-- DATA PROVIDED --
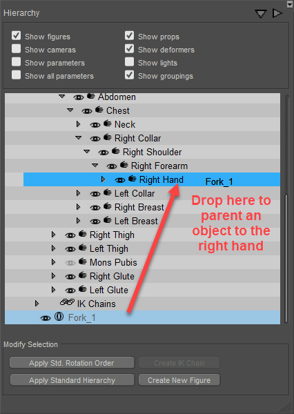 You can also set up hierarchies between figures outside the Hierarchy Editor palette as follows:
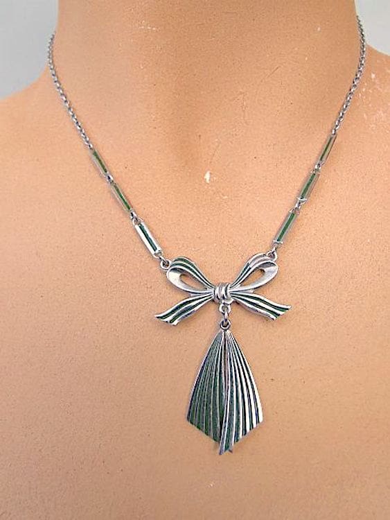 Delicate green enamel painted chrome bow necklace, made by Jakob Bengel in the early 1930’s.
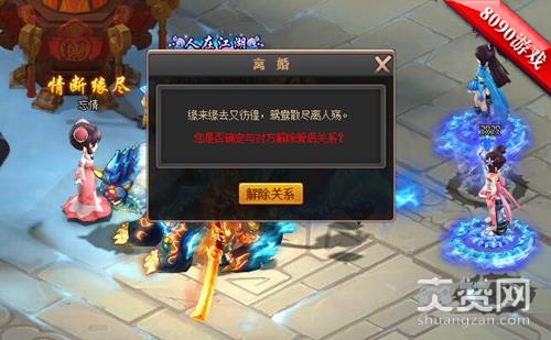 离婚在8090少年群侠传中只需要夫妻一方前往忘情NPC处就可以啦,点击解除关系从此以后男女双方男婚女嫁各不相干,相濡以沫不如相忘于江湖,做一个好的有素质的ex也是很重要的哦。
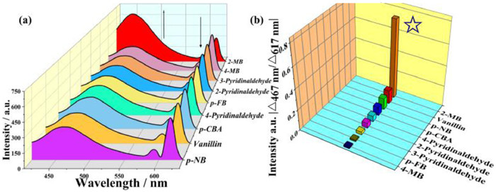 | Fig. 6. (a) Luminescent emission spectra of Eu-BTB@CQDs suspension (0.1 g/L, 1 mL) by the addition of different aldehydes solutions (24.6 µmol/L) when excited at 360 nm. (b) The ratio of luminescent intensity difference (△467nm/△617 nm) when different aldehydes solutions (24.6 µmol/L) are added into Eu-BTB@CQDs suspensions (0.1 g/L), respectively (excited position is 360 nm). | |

-- EXERCISE GOAL --
No pictures, please. Output the listing above exactly as it stands.

-- ANSWER FOR THE TASK --
 You can also set up hierarchies between figures outside the Hierarchy Editor palette as follows:
 Delicate green enamel painted chrome bow necklace, made by Jakob Bengel in the early 1930’s.
 离婚在8090少年群侠传中只需要夫妻一方前往忘情NPC处就可以啦,点击解除关系从此以后男女双方男婚女嫁各不相干,相濡以沫不如相忘于江湖,做一个好的有素质的ex也是很重要的哦。
 | Fig. 6. (a) Luminescent emission spectra of Eu-BTB@CQDs suspension (0.1 g/L, 1 mL) by the addition of different aldehydes solutions (24.6 µmol/L) when excited at 360 nm. (b) The ratio of luminescent intensity difference (△467nm/△617 nm) when different aldehydes solutions (24.6 µmol/L) are added into Eu-BTB@CQDs suspensions (0.1 g/L), respectively (excited position is 360 nm). | |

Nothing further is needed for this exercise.